Every time he asked a
question, a group of students in the back row shouted out the answer
in unison. Bagley dubbed them The Peanut Gallery. They were usually
right. The eighth-graders have been studying Lewis and Clark, but
Andrew Jepson said about three-quarters of the information was new
to him.
“I thought it was pretty cool,” he said as he waited
his turn to handle furs, snakeskin samples and a piece of
maple.
Bagley, who is from Cottage Grove, told the students
the Guard gives the presentations because Lewis and Clark were on a
military expedition. He explained the history, including the
politics of the day, and then he told the students about Lewis’
training.
Lewis had to learn about botany, animals,
ethnography and medicine.
Unfortunately, the medicine he took
on the journey was Dr.
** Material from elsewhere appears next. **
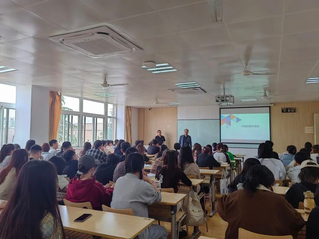 2024年4月17日上午10点,博远楼2312教室内座无虚席,数智营销系主任李亚子、市场营销学科带头人杨柏欢、学生素质发展中心副主任樊晓军与电子商务、市场营销专业的学生们共同聆听了由深圳市酒海实业有限公司运营总监朱贵政先生带来的一场关于抖音电商运营的精彩讲座。

Rush’s Thunderbolt. The potion was described
as a wonder drug at the time. It consisted of calamine, chlorine,
mercury and opium derivatives.
![Photo by JON AUSTRIA/ N-R staff photo]()
 Oregon National Guard Capt.
Erin Bagley, left, tells a story with the help of
eighth-grader Taylor Fry about the time Meriwether Lewis was
mistaken for an elk and accidentally shot by a near-blind man
under his command. JON AUSTRIA /
N-R staff photo
| Despite food poisoning, thick mosquitoes, freezing
temperatures, sometimes unfriendly encounters with American Indian
tribes and bear attacks, only one of the expedition members lost his
life. That was due to appendicitis.
Chayse Jackson said he
knew a little about Lewis and Clark, but he learned a lot
Wednesday.
“The hardships and the medicine that they didn’t
have,” he said, not to mention using a sexton for measurements.
“That just seems too difficult compared to today. All the materials
that they used were raw.”
Taylor Fry and Dylan King acted out
a scene where the one-eyed, nearsighted, fiddle-playing Pierre
Cruzatte mistook Lewis for an elk and shot him. Luckily for Lewis,
Cruzatte shot him “in the buttocks,” Bagley said. It was one of the
few places on the body that could withstand the musket shot without
serious damage.
“It was fun,” Fry said of acting out the
scene.
King said the most impressive fact was “that they
bathed in mud water, which would be pretty gross.”
Bagley
said the students participated well, something he doesn’t always
find with seventh- and eighth-graders.